March 29, 2023: Thomas Sostarics

Pitch Accent Variation and the Interpretation of Rising Declaratives

A well-known property of English is the encoding of pragmatic speech act meaning in the pitch pattern at the end of a prosodic phrase. A phrase with declarative syntax that ends in a falling pitch trajectory conveys an assertion, while a final rising pitch trajectory conveys a question. The pitch contour across this region of the phrase is the phonetic implementation of an abstract, phonologically specified, representation called the nuclear tune made up of the concatenation of high and low primitives: pitch accents and edge tones.
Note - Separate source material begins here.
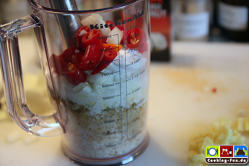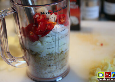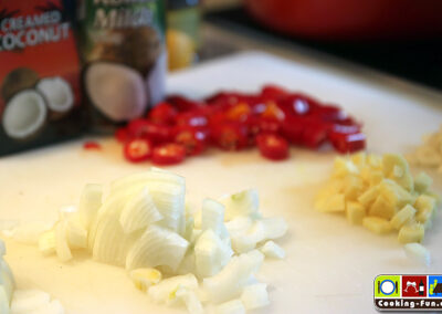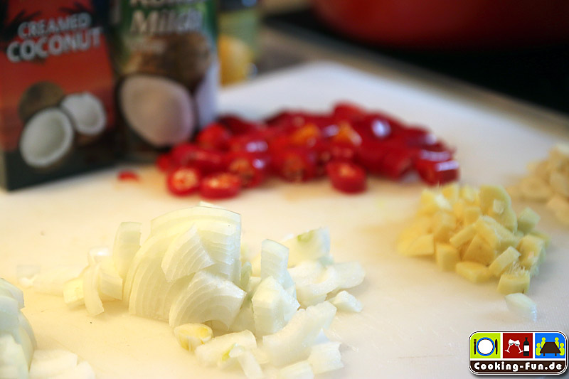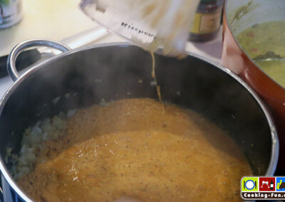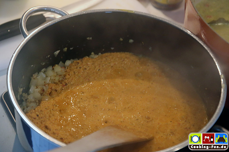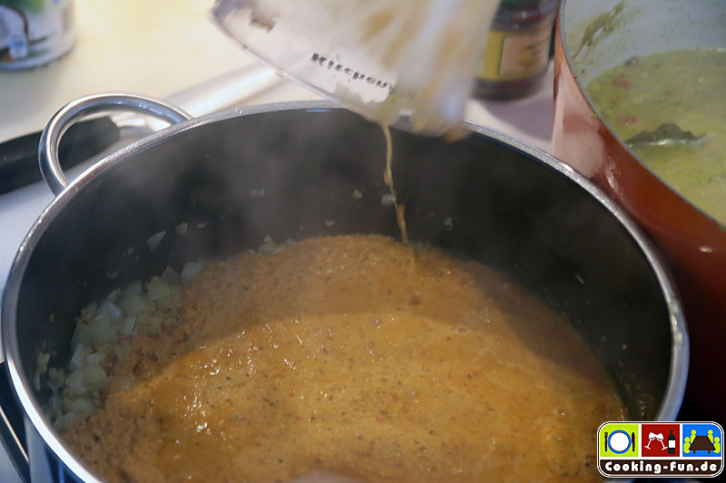Nun brauchen wir einen schweren Topf/Bräter und geben etwas Öl hinein, heitzen ein und schwitzen darin die feinen Würfel von Ingwer, Knoblauch und den restlichen Zwiebeln glasig an. Die Gewürzpaste unterrühren und noch 3 Minuten mitanschwitzen.

In this work from my dissertation I test competing accounts of the locus of intonational encoding of the question/assertion contrast. I examine both rising and falling tunes in the context of ongoing work on rising declaratives to determine which part of the pitch contour encodes this aspect of meaning: is it the region spanning the pitch accent or the region of the edge tones? Furthermore, in light of the pervasive variation in intonational form, I also investigate the degree to which variation in the phonetic implementation of the pitch accent and/or edge tones influences listener interpretation. Across three perception experiments, I find that the pitch accent of a tune does not contribute to assertive force. Rather, the distinction between assertive and inquisitive interpretations is cued primarily by the final F0 of the pitch contour regardless of the pitch accent, but that increased overall pitch prominence may trigger a salient focus interpretation that interferes with question/assertion interpretation, providing empirical support for leading compositional theories of intonational meaning.